Dabei trägt nicht nur der Verbraucher die Schuld, sondern auch die Politik, der Produzent und der Designer. Der visionäre kanadische Designer Bruce Mau hat es treffend auf den Punkt gebracht: »Design hat uns in diesen Schlamassel geführt, jetzt muss Design uns auch wieder herausholen.«
Als Designer finde ich es äußerst schmerzhaft zu sehen, wie wir als Gesellschaft mit Produkten und Rohstoffen umgehen. Das muss sich ändern! Und ich selbst muss auch Verantwortung übernehmen. Historisch gesehen sind es die Designer, die Überproduktion, Raubbau und Konsum begünstigt haben, während sie gleichzeitig eine nicht enden wollende Suche nach Innovationen anregten. Die »Verführungskraft des Designs« ist ein bekanntes Phänomen in der Branche. Man kann Design nutzen, um Menschen zu verführen; im Guten wie im Schlechten.
Die Tatsache, dass Designer zur halsbrecherischen Geschwindigkeit der Modeindustrie beigetragen haben (Ketten wie H&M erneuern ihre Kollektionen alle 6 Wochen!), oder eine ausufernde Markenbranche, die auf Wegwerfverpackungen, Einwegprodukten und bequemen Rückgabesystemen aufgebaut ist, sind nicht zu rechtfertigen. Als Branche und als kreative Gemeinschaft müssen wir die Ärmel hochkrempeln und uns verändern.

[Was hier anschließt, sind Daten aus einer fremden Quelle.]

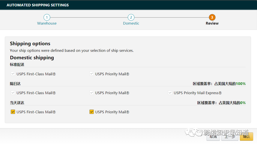 通常USPS价格较低,这里作为范例,选中后进入下一步

Designer sind in einer einzigartigen Position, um die Art und Weise, wie und woraus Dinge hergestellt werden, zu verändern. Eine wachsende Zahl von Kreativen hat bereits eine aktive Rolle beim Übergang zu einer Kreislaufwirtschaft übernommen. Es gibt viele gute Beispiele: Wie Freitag, die beliebte Kuriertaschenserie der Grafikdesigner Markus und Daniel Freitag. Ihre Produkte sind so wiederverwertbar wie möglich und verwenden recycelte Lkw-Planen und Autosicherheitsgurte als Rohmaterial. Oder Soapbottle, eine innovative Art der Kosmetikverpackung, die zu 100% biologisch abbaubar und auflösbar ist. Ein weiteres spannendes Projekt ist das kürzlich gestartete B- Warenhaus, Berlins erstes Second-Hand-Kaufhaus und Reparaturzentrum. Diese Initiativen stimmen uns optimistisch, aber wir müssen noch weitere Schritte unternehmen. Die Design-Community muss sich jetzt mehr denn je trauen, die Führung zu übernehmen und ihr kreatives Potenzial en masse einzusetzen.

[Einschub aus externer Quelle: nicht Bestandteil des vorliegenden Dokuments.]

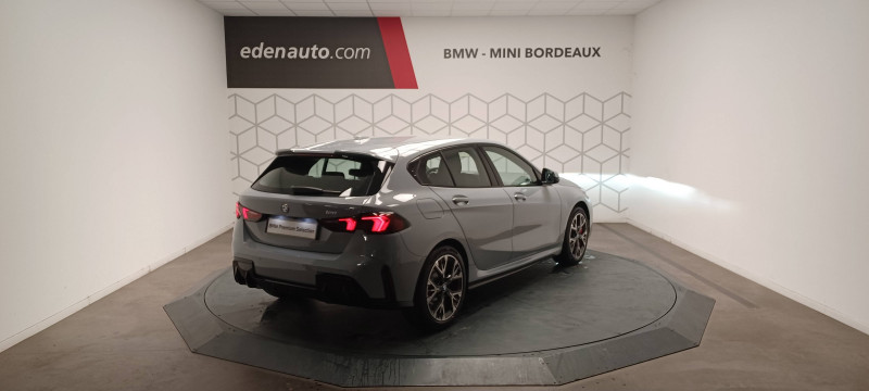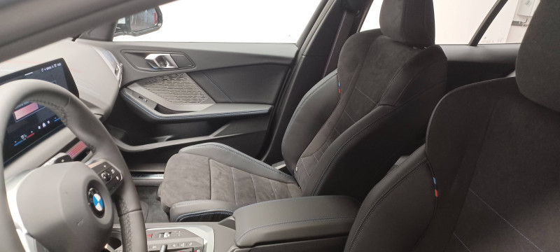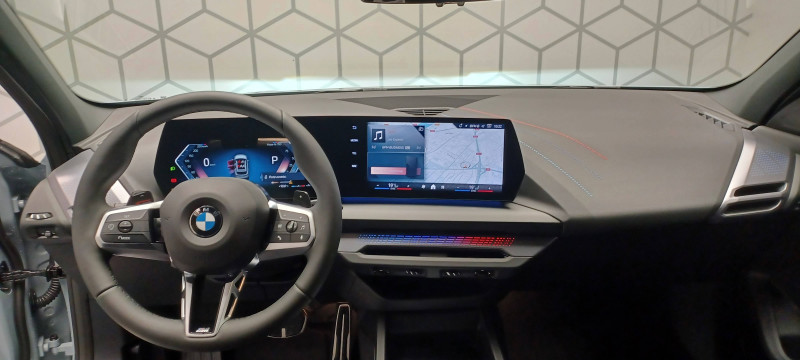2 porte-gobelets sur la console centrale / 2 ports USB Type C dans la console centrale / 3ème feu stop à LED sur la lunette AR / Accoudoir central AV avec compartiment de rangement / Active Guard - Avertissement de sortie de voie - Avertissement de collision frontale avec intervention sur les freins - Avertissement de virage à gauche (véhicule) avec fonction de freinage - Indicateur de limitation de vitesse - Assistant d'évitement / Aides à la conduite Driving Assistant - Avertisseur de franchissement de ligne (>70km/h avec vibrations dans le volant) - Avertisseur d'angle mort (>20km/h avec voyant d'alerte) - Avertisseur de risque de collision AV (>15km/h, préconditionnment du freinage >50km/h, assistance au freinage) - Avertisseur de risque de collision AR (déclenchement automatique des warning) - Avertisseur de trafic transversal AR (Avertisseur en cas de circulation transversale détectée derrière la voiture) / Aides au stationnement Parking Assistant - Caméra de recul - Manoeuvres de stationnemment automatique en créneau et en bataille - Freinage automatique (PDC actif) en marche AR - Assistant de marche AR/Auto-reverse / Airbags de tête AV et aux places latérales AR / Alarme antivol / Appel d'Urgence Intelligent (durée de vie de la voiture) Appel automatique vers le centre d'assistance BMW en cas d'accident. Touche SOS pour Appel d'Urgence manuel. Les données importantes sont automatiquement transmises aux secours : identification et localisation de la voiture, nombre de passagers à bord, statuts des airbags. Ce service utilise la carte SIM montée d'usine et ne requiert pas l'utilisation du smartphone. / Appuis-tête et ceintures de sécurité 3 points à toutes les places / BMW Curved Display / BMW Intelligent Personal Assistant / BMW Live Cockpit Navigation Plus / BMW "My Modes" (Personal/ Efficient/ Sport) / Boîte de vitesses automatique avec palettes à double embrayage DKG7 à 7 rapports / Calandre avec encadrement en chrome et barreaux verticaux / diagonaux / Capteurs d'impact - Activation de l'airbag, des feux de détresse, de l'éclairage intérieur - Déverrouillage des portes et légère ouverture des vitres / Ciel de pavillon M Anthracite / Climatisation automatique 2 zones - Contrôle de la température et du volume d'air distribué avec 5 niveaux d'intensité, ajustés séparément entre le conducteur et le passager AV - Fonctionnalité SYNC pour que les réglages du conducteur s'appliquent à l'ensemble de l'habitacle - Capteur d'humidité et d'ensoleillement, filtre à charbon actif et microfiltre - Microfiltre à charbon actif - Apporte buses de ventilations à l'AR de la console centrale, pour les passagers AR / Compartiment à bagages : 2 crochets de sac, filet sur panneau droit / Contrôle de stabilité dynamique (DSC) avec dotation élargie - Assistant de démarrage en côte - Assistant dynamique de motricité (DTC) / Désignation du modèle à droite du hayon / Détecteur d'accident (crash sensor) - Allume les feux de détresse - Déverouillage des portes / Détecteur de pluie et allumage automatique des projecteurs / Déverrouillage électrique du coffre via la volet de coffre ou la clé radiocommandée / Eclairage de bienvenue autour du véhicule / Eclairage de plaque d'immatriculation à LED / Eclairage intérieur - Lampes de courtoisie - Eclairage habitacle AV et AR, y compris éclairage d'ambiance - Eclairage coffre à bagages sur le coté droit - Eclairage intérieur du compartiement de rangement dans l'accoudoir central - Lampes de lecture à l'AV et à l'AR - Eclairage plancher AV et AR / Eléments extérieurs M Sport / Eléments extérieurs (poignées de portes, baguettes de pare-chocs et de toit) couleur carrosserie / Eléments intérieurs M Sport / Fonction Start&Stop avec système prédictif via la navigation / Inserts décoratifs Aluminium Graphite illuminés / Jantes en alliage léger 18" style 975 M, à rayons doubles, bicolores Midnight Grey 8 J x 18 / pneus 225/45 R18.Comprennent écrous de roues antivol. Montage chaînes à neige impossible. / Kit de mobilité Plus BMW - Bouteille avec liquide anti-crevaison - Compresseur avec alimentation autonome via batterie rechargeable - Système se fixant au centre de la jante avec maintient de pression automatique du pneu crevé durant la conduite - Simple d'utilisation et réduction du temps passé sur le lieu de la panne / Mesure individuelle de pression des pneumatiques avec 3 niveaux / Moteur TwinPower Turbo essence 3 cylindres -Turbocompresseur - Valvetronic (modification de la profondeur d'ouverture des soupapes d'admission) - Double VANOS (système de distribution variable) - Technologie BMW High Precision Injection - Filtre à particules / Personal eSIM Personal eSIM est la version électronique, intégrée au véhicule, de la carte SIM traditionnelle. Vous l'utilisez via un abonnement souscrit auprès d'un opérateur téléphonique et transformez ainsi votre BMW en périphérique mobile supplémentaire : - La BMW sera ajoutée au contrat du téléphone mobile du client en tant qu'appareil supplémentaire - Connectivité 5G - Les appels téléphoniques ou les connexions de données ne nécessitent pas la présence physique du téléphone portable privé / Prise 12 V dans la console centrale / Régulateur de vitesse avec fonction de freinage dans les descentes / Régulateur de vitesse avec fonction de freinage et limiteur de vitesse / Rétroviseurs extérieurs couleur carrosserie avec rappels de clignotants intégrés / Sellerie Alcantara / Similicuir Veganza Schwarz avec surpiqûres bleues / Services Après-vente connectés BMW Teleservices (durée de vie de la voiture) / Shadow Line M brillant Entourage des vitres latérales, les baguettes de bas de glace, les montants centraux ainsi que les pourtours, pieds et triangles des rétroviseurs extérieurs en noir brillant / Sorties d'échappement non visibles / Suspension Adaptive M / Système de détection de somnolence / Système

Als Leiter der designorientierten Organisation What Design Can Do werde ich die Initiative ergreifen und ein langfristiges Müllvermeidungs-Programm in den Niederlanden und anderen Ländern, darunter Brasilien, Mexiko, Kenia, Indien und Japan, ins Leben rufen. Dieses Program führen wir in enger Zusammenarbeit und mit großzügiger Unterstützung der IKEA Stiftung durch. Das Ganze beginnt mit einem globalen Design-Wettbewerb, für den ab heute Einsendungen möglich sind. Designer, kreative Unternehmer und Innovatoren – machen Sie mit! Es gilt keine Zeit zu verlieren.